To do - For this exercise, print the listing below exactly, without its pictures.

Provided data -

------------------------------------------------------------------------

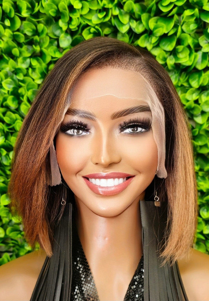 Revamp your look with our Auburn Brown Strawberry Blonde Straight Lace Front Wig HD Lace Front Wig 4C Edges Mix Kinky Yaki Texture Short Bob Hair Natural Hairline Wig.
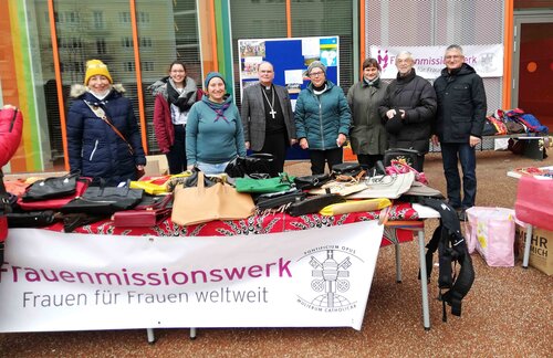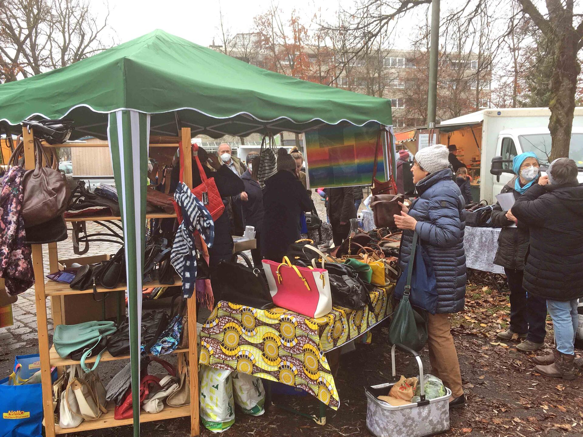 Es war ein farbenfrohes Bild, das sich am vergangenen Samstag auf dem Ernst-Reuter-Platz vor der Stadtbücherei der Stadt Augsburg und auf dem Bauernmarkt in Buchloe bot. Auf drei Tischen und auf dem Boden daneben lagen bunte Taschen, Rucksäcke und modische Schals. Ein Glitzern und Funkeln ging von einem weiteren Tisch aus, auf dem Ehrenamtliche edle Schmuckstücke schön dekoriert hatten. Mit seinem Kommen unterstrich auch Bischof Dr. Bertram Meier seine Unterstützung für die Gruppe von Frauen, die zusammen mit dem Frauenmissionswerk in Deutschland und der Abteilung Weltkirche des Bistums Augsburg den Flohmarkt veranstaltete.
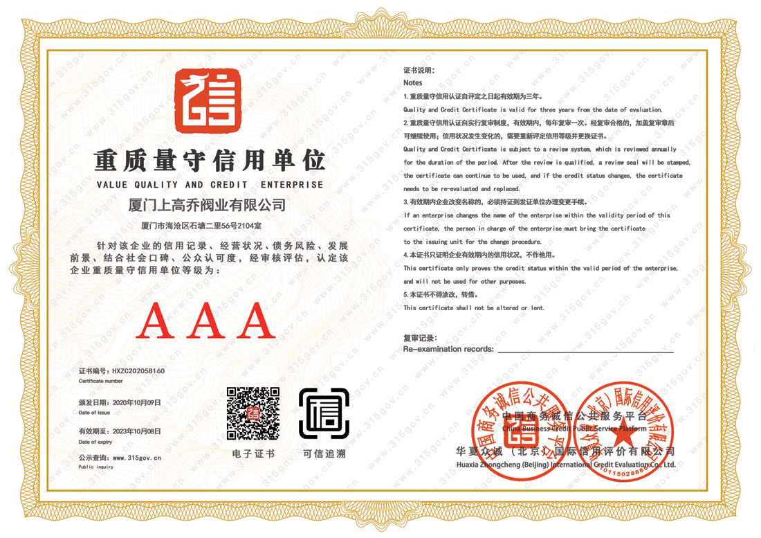 企業(yè)信用等級(jí)證書(shū)

------------------------------------------------------------------------

Result of the task -
 Revamp your look with our Auburn Brown Strawberry Blonde Straight Lace Front Wig HD Lace Front Wig 4C Edges Mix Kinky Yaki Texture Short Bob Hair Natural Hairline Wig.
 Es war ein farbenfrohes Bild, das sich am vergangenen Samstag auf dem Ernst-Reuter-Platz vor der Stadtbücherei der Stadt Augsburg und auf dem Bauernmarkt in Buchloe bot. Auf drei Tischen und auf dem Boden daneben lagen bunte Taschen, Rucksäcke und modische Schals. Ein Glitzern und Funkeln ging von einem weiteren Tisch aus, auf dem Ehrenamtliche edle Schmuckstücke schön dekoriert hatten. Mit seinem Kommen unterstrich auch Bischof Dr. Bertram Meier seine Unterstützung für die Gruppe von Frauen, die zusammen mit dem Frauenmissionswerk in Deutschland und der Abteilung Weltkirche des Bistums Augsburg den Flohmarkt veranstaltete.
 企業(yè)信用等級(jí)證書(shū)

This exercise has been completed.